Recombination rate and selection strength in HIV intra-patient evolution
Richard A. Neher, Thomas Leitner

TL;DR
This study estimates HIV's intra-patient recombination rate and selection strength using time-resolved sequence data, revealing key parameters that influence HIV evolution and drug resistance development.
Contribution
It introduces methods to infer recombination and selection coefficients from population data, accounting for selection effects often ignored in previous estimators.
Findings
Effective recombination rate estimated at 1.4e-5 per site per generation.
Selection coefficients for many non-synonymous polymorphisms exceed 0.8%.

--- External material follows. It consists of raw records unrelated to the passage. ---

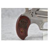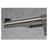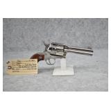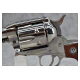 46R. Ruger – Mod. Vaquero – 44 Mag. Cal. Single Action Revolver – w/4 ½” Barrel w/Round Blade Front & Groove Rear Sights – Nickel Finish – w/Factory Silver Eagle Wood Grips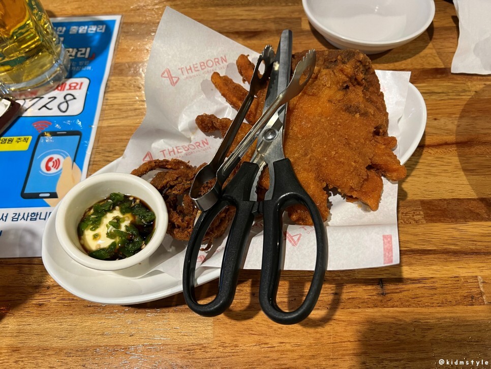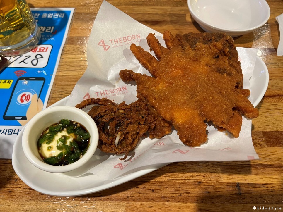 안주는 정말 좋아하는 통오징어 튀김이다. 오징어 수급이 잘 안될 때는 주문이 어려운 안주이다. 평소 오징어를 좋아하기에 늘 안주를 고민할 때 후보에 들어가는 메뉴이다.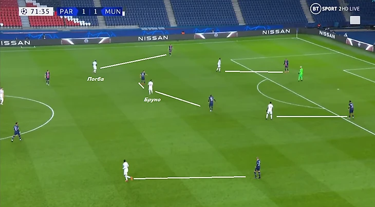 И ещё пример. Погба и Бруно во время прессинга вынуждены разрываться между игроками ( у Погба игрок за спиной ) . Навас предпочёл просто выбить мяч, хотя с розыгрышем на третьего, можно было за 3 передачи пройти центр поля.

Results enable more detailed future studies with higher-resolution data.
Abstract
The evolutionary dynamics of HIV during the chronic phase of infection is driven by the host immune response and by selective pressures exerted through drug treatment. To understand and model the evolution of HIV quantitatively, the parameters governing genetic diversification and the strength of selection need to be known. While mutation rates can be measured in single replication cycles, the relevant effective recombination rate depends on the probability of coinfection of a cell with more than one virus and can only be inferred from population data. However, most population genetic estimators for recombination rates assume absence of selection and are hence of limited applicability to HIV, since positive and purifying selection are important in HIV evolution. Here, we estimate the rate of recombination and the distribution of selection coefficients from time-resolved sequence data…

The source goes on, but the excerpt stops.